# [YOUR ASSIGNMENT]
Wherever a picture appears in the data below, omit it, and restate everything else word for word.

# [SOURCE DATA]
━━━━━━━━

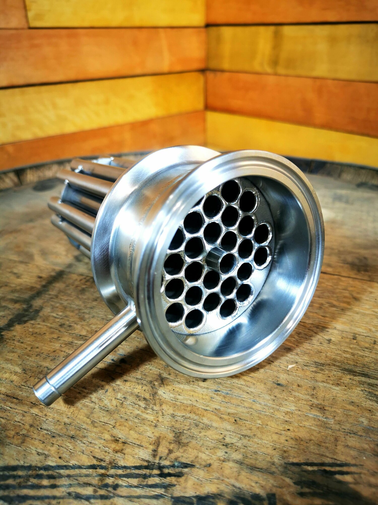 В производстве нашей МЦ используются паровые трубки с толщиной стенки 0.5мм, что наилучшим образом сказывается на процессе тепломассообмена. Диаметр паровых трубок 10мм. Количество паровых трубок 30шт и 1шт переливная. Подключение кламп 3 дюйма. Подходит под стандартный диоптр 150-160мм.
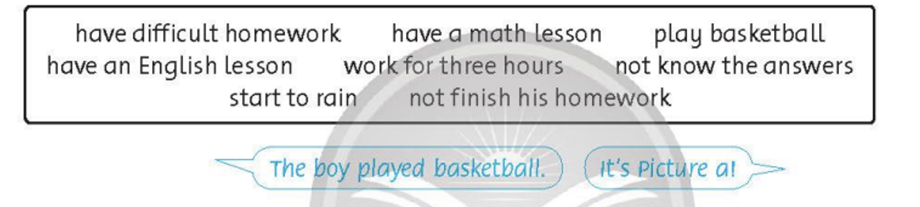 Listen and write the numbers. Look at the picture and say. Say what you did at school yesterday. Write about your last vacation. Use the example to help you.
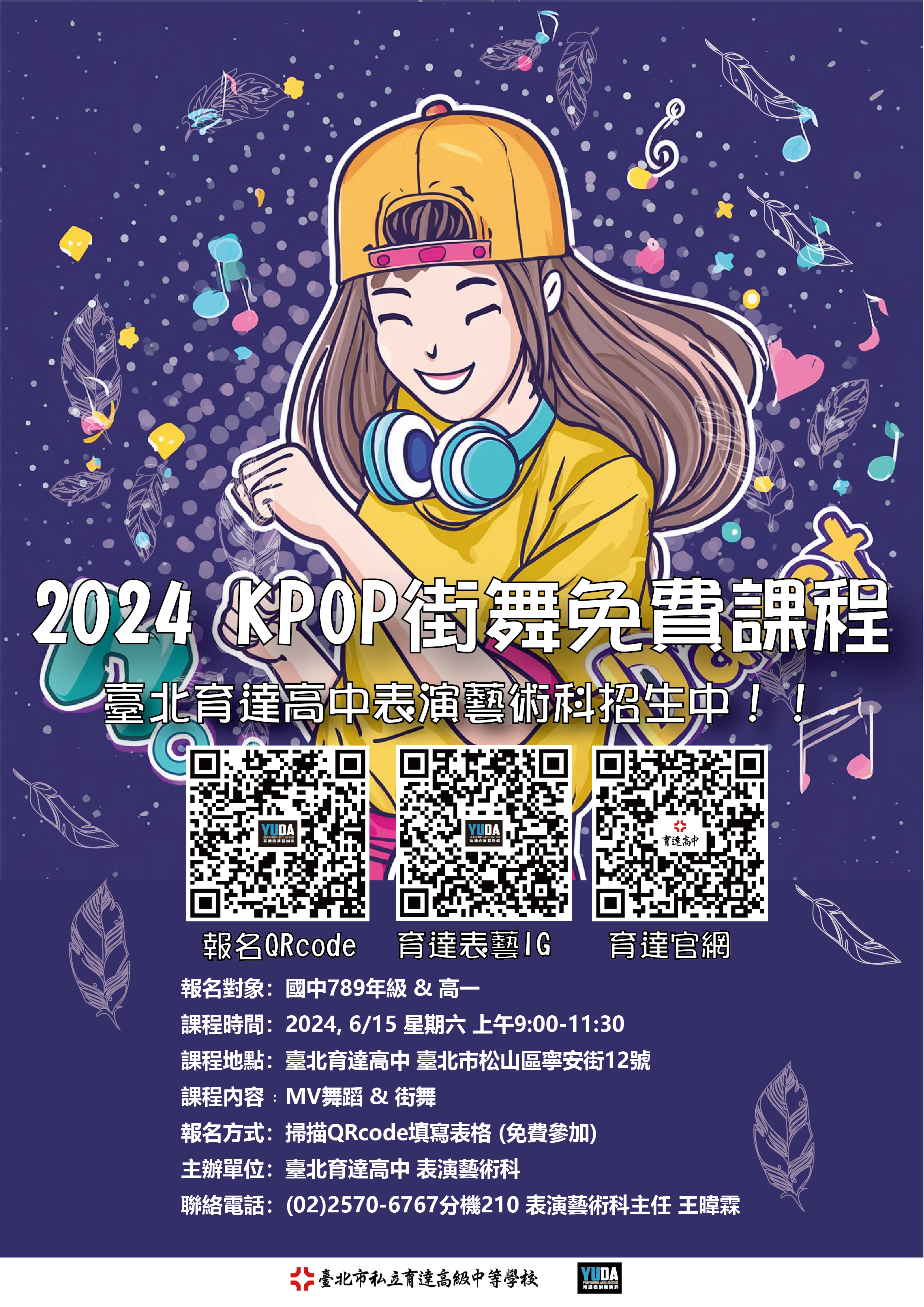 一、育達高中舉辦「2024 KPOP街舞免費課程」。

━━━━━━━━

# [WRITTEN SOLUTION]
 В производстве нашей МЦ используются паровые трубки с толщиной стенки 0.5мм, что наилучшим образом сказывается на процессе тепломассообмена. Диаметр паровых трубок 10мм. Количество паровых трубок 30шт и 1шт переливная. Подключение кламп 3 дюйма. Подходит под стандартный диоптр 150-160мм.
 Listen and write the numbers. Look at the picture and say. Say what you did at school yesterday. Write about your last vacation. Use the example to help you.
 一、育達高中舉辦「2024 KPOP街舞免費課程」。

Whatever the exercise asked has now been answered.